Tuesday, September 30, 2014

Raspberry Smoothie

Recently I bought a large amount of berries. Some I used to make frozen yogurts and some I froze in the freezer and kept aside for making smoothies. Lately I am having a tough time to wake up in the morning because of all the terrible back pain continuing for some days. Then getting the fruits and putting them in the blender is something that appears to be the most easiest at that time. And these berries made my morning easy and tasty like never before. Yum..!!


Thursday, September 25, 2014

Kochi Pathar Jhol / Bengali Thin Mutton Curry

In Bengali "jhol" means a very thin and soupy gravy. Kochi Pathar Jhol is made with tender young goat meat and with potatoes.
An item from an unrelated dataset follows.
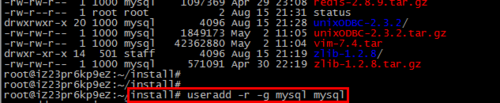 执行命令:groupadd mysql和useradd -r -g mysql mysql
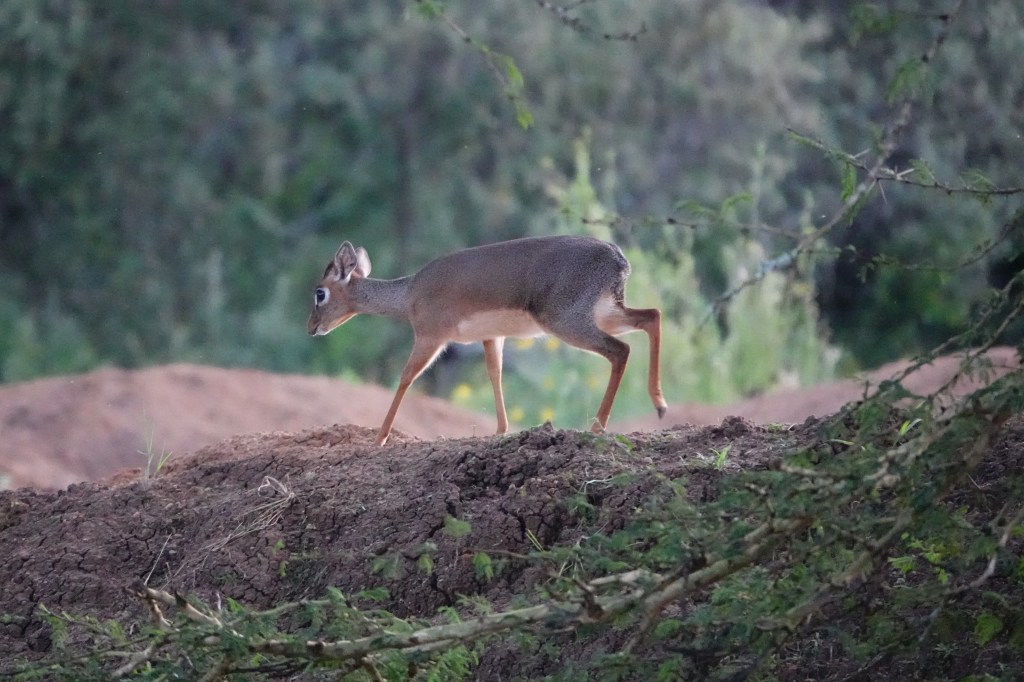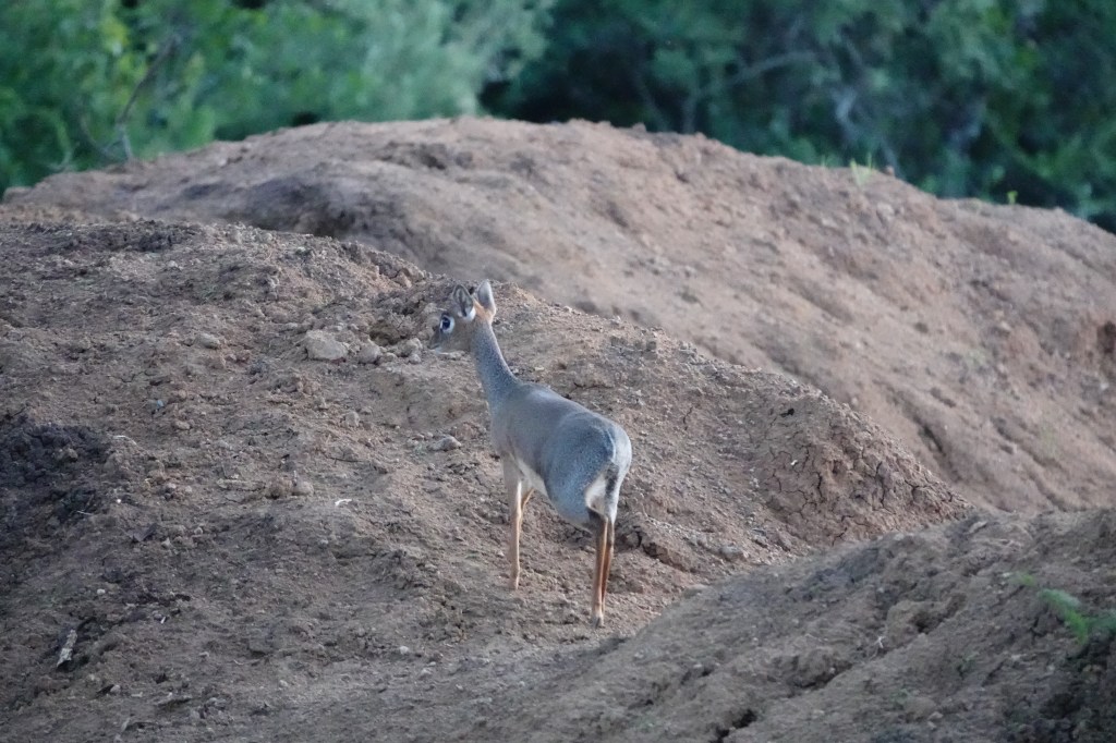 After the leopard sighting we spent the rest of the game drive viewing the abundance of wildlife. On the way out of the lodge this afternoon, Mwok told us of the smallest of antelopes weighing about 10 pounds and we all challenged him saying no way. He told us they are mostly nocturnal, mate for life and live together in the low bush.. They are rarely seen apart from their partners and if one of the dik dik’s should lose their life, the other will commit suicide by making themself visible to predators. By the way, the biggest predator of the dik dik are humans. Their velvety skin is used for making gloves and their small leg bones for making ceremonial jewelry. So just before returning to the lodge Mwok in fact spotted the beautiful little dik dik for us.

The consistency is more like a stew than a gravy. Unlike the Kosha Mangsho, this recipe does not require the "koshano" or simmering. We Bengalis can make through the whole meal with just this Jhol and rice. Enough to tempt us and full our tummy. yumm!!
There is something special about Sundays in Bengal. Its different. The Sunday mornings are always different, being a lazy time, with special elaborate  breakfasts and reading the newspapers for a loooong time. Then the lunch....the sunday lunch is very very special, because its that one day of the week when meat is prepared in almost every household.Many prepares this tender goat meat curry and many prepares a soupy chicken curry. Residing outside Kolkata, I do not feel that special spice of Sundays anymore, but sometimes I feel like cooking this particular curry to make a Sunday special feeling or when my husband asks me to cook this, since its one of his favorite mutton dish.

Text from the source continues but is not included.